[Date Prev][Date Next][Thread Prev][Thread Next][Date Index][Thread Index]

Re: [idn] Comments on protocol drafts



> (I've just caught up with the discussion so this will be a general
> comment to the past 100 postings or so.)
> 
> First of all I agree with Oscarsson and others in that the Hoffman
> solution is not acceptable.
> 
> Suppose the organisation "ishockeyförening" ("ishockeyf" + "o" with
> umlaut + "rening") owns a domain. The name contains 16 characters
> which, if my quick and dirty implementation is correct, will be 18
> bytes when compressed with the algorithm in 2.4 (Hoffman). Encoded
> with base32 it's 30 bytes and with "ph6" prepended, we're up from 16
> to 33 bytes just because one of the characters is not ASCII.
> 
> Well, 17 bytes is not a lot but it adds up. (Remember that it's not
> unlikely that it will be used frequently for decades or centuries.)
> More importantly, it's completely unnecessary.
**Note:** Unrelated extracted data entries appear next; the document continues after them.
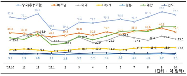 지역별로는 △대만(60%↑) △유럽연합(29.2%↑) △미국(5.8%↑) 중국(홍콩 포함, 4.9%↑) △ 베트남(3.8%↑)이 증가세를 이어갔지만 일본(△4.6%)은 감소했다.
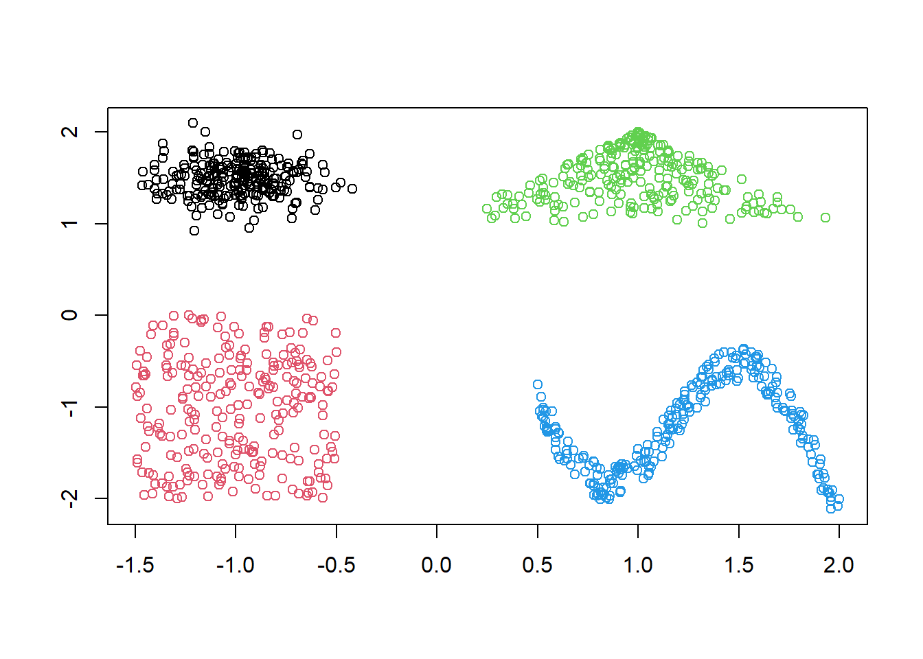 以下は、指定したクラス数のクラスごとに、2次元空間上で正規分布するデータを生成する、mlbench.2dnormalsの使用例です。 これらの生成関数によるデータは、R標準のS3 classという機能を用いて、as.data.frame関数とplot関数が適切に動作するように実装されています。 すなわち、List形式で返される生成データを引数として、as.data.frame関数によるデータフレームへ変換、およびplot関数による生成データの種類に応じたグラフのプロットができるようになっています。
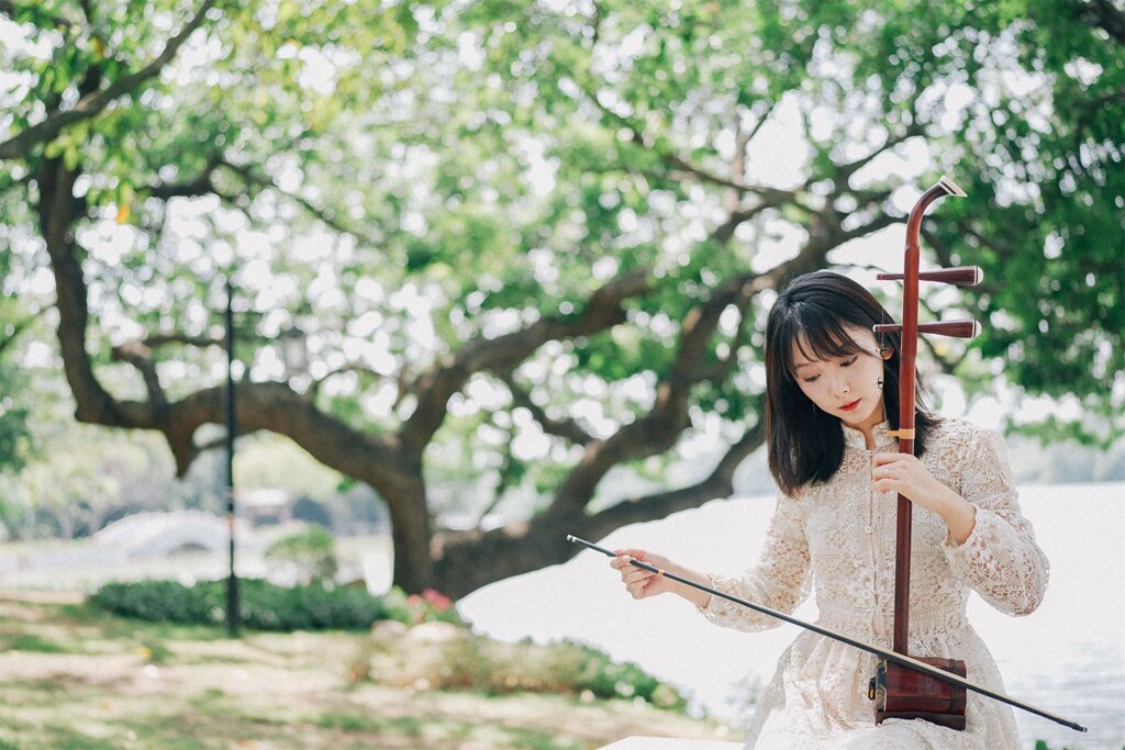2022年10月5日, 一名女孩在西湖邊練習(xí)二胡。
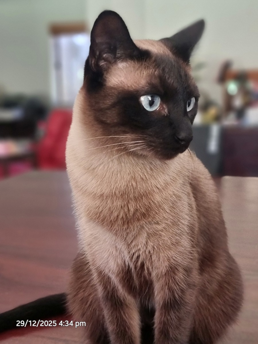 Maisy is an absolutely stunning Tonkinese x domestic shorthair, with striking blue eyes full of curiosity and intelligence. She is playful, athletic and thrives on interaction.
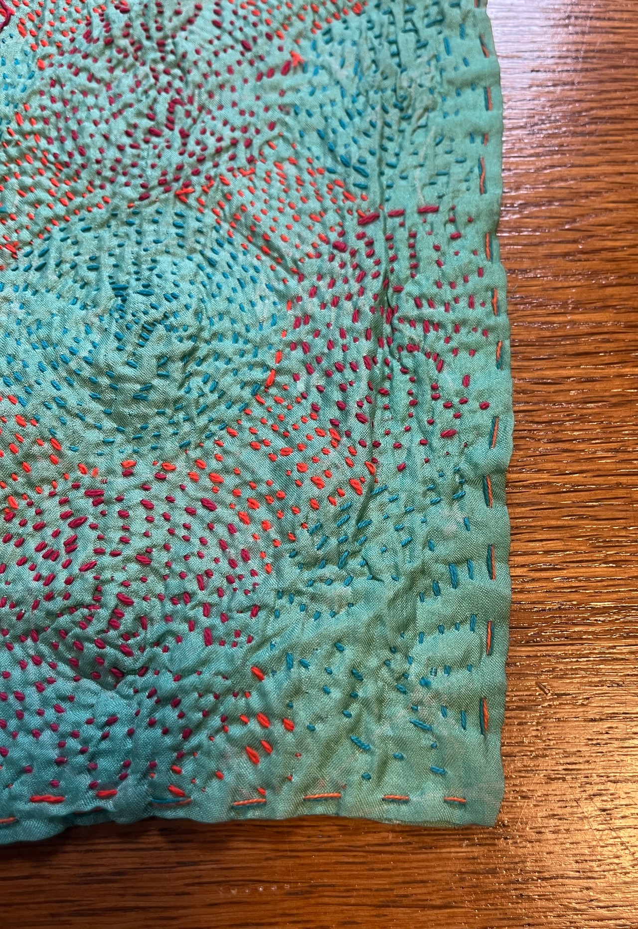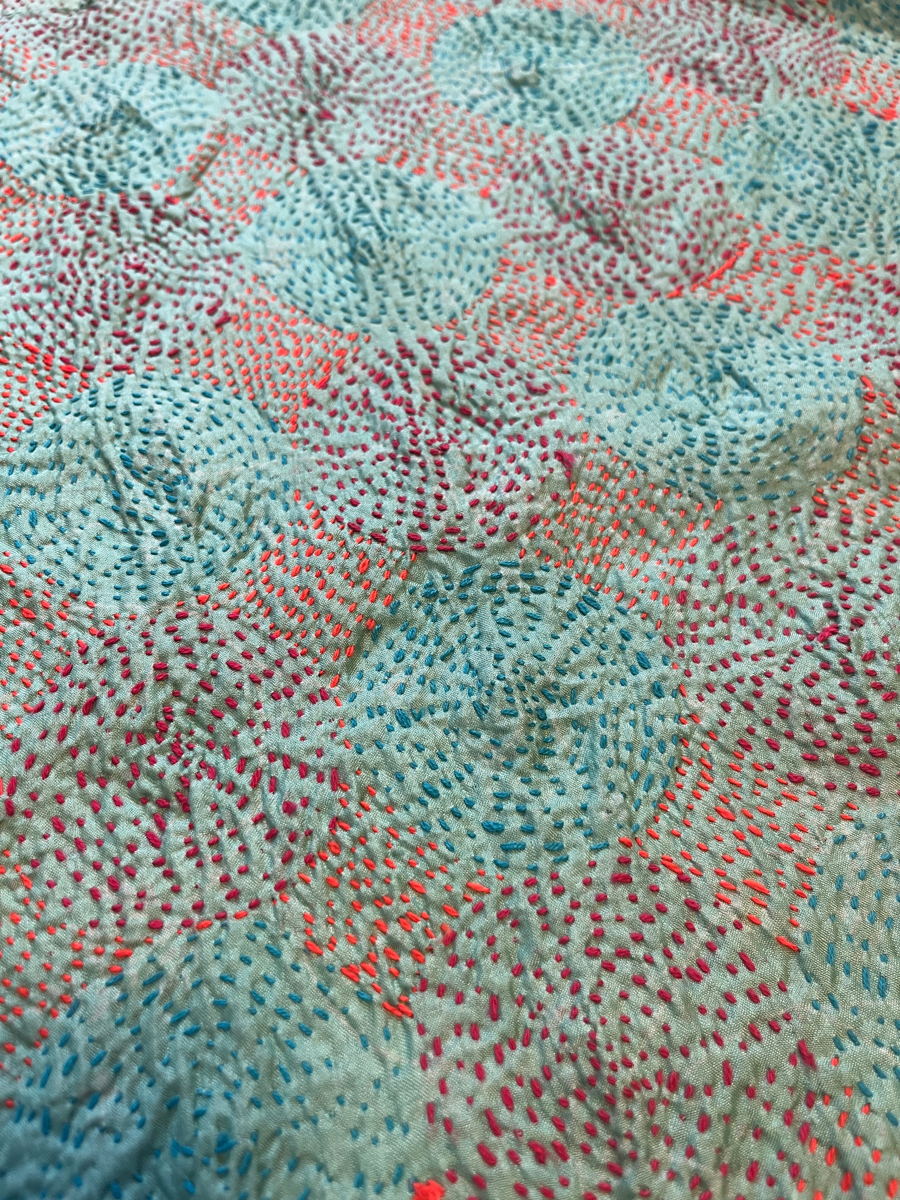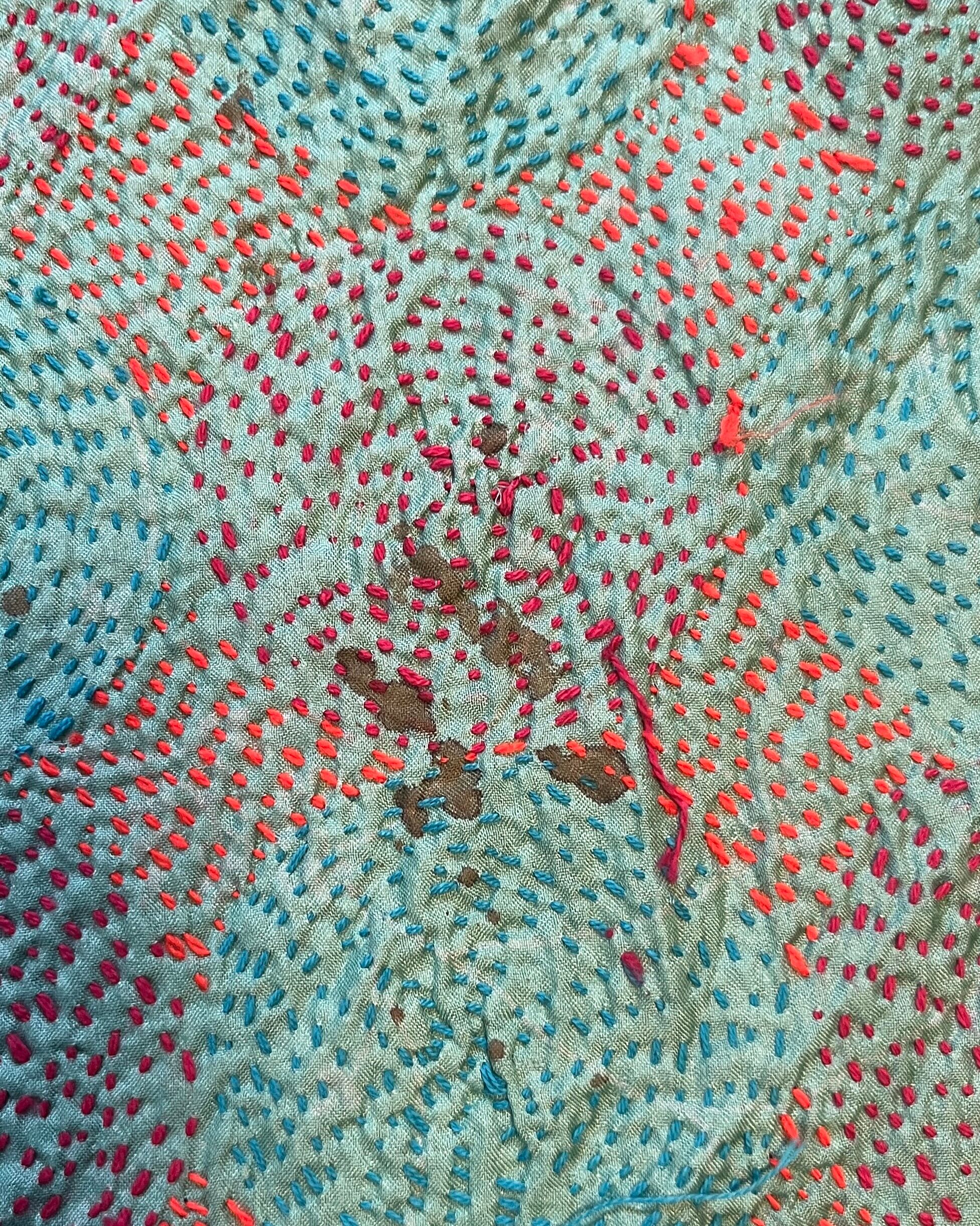 【インド】オールドサリーのカンタ刺繍リバーシブルストール&マルチカバー Small2(国内送料無料)

If ASCII is not to be
> encoded in domain names, I see no reason for it to be just because
> there are one or two non-ASCII characters as well in the string.
> 
> Therefore, I propose the following requirement:
> 
>   If an encoding is used, the ASCII characters in a string must not
>   be encoded in different ways depending on what other characters
>   the string contains.

efficiency does get my sympathies.  however one of the lessons we seem to
continually relearn over the decades is that saving space (ram, disk,
packets) becomes unimportant at a rate that far exceeds our expectations.
so, while we should keep an eye out for useless waste, we should not be
compromising functionality to save some bytes.  bytes seem to become
cheaper at a rate greater that 32ft/sec/sec.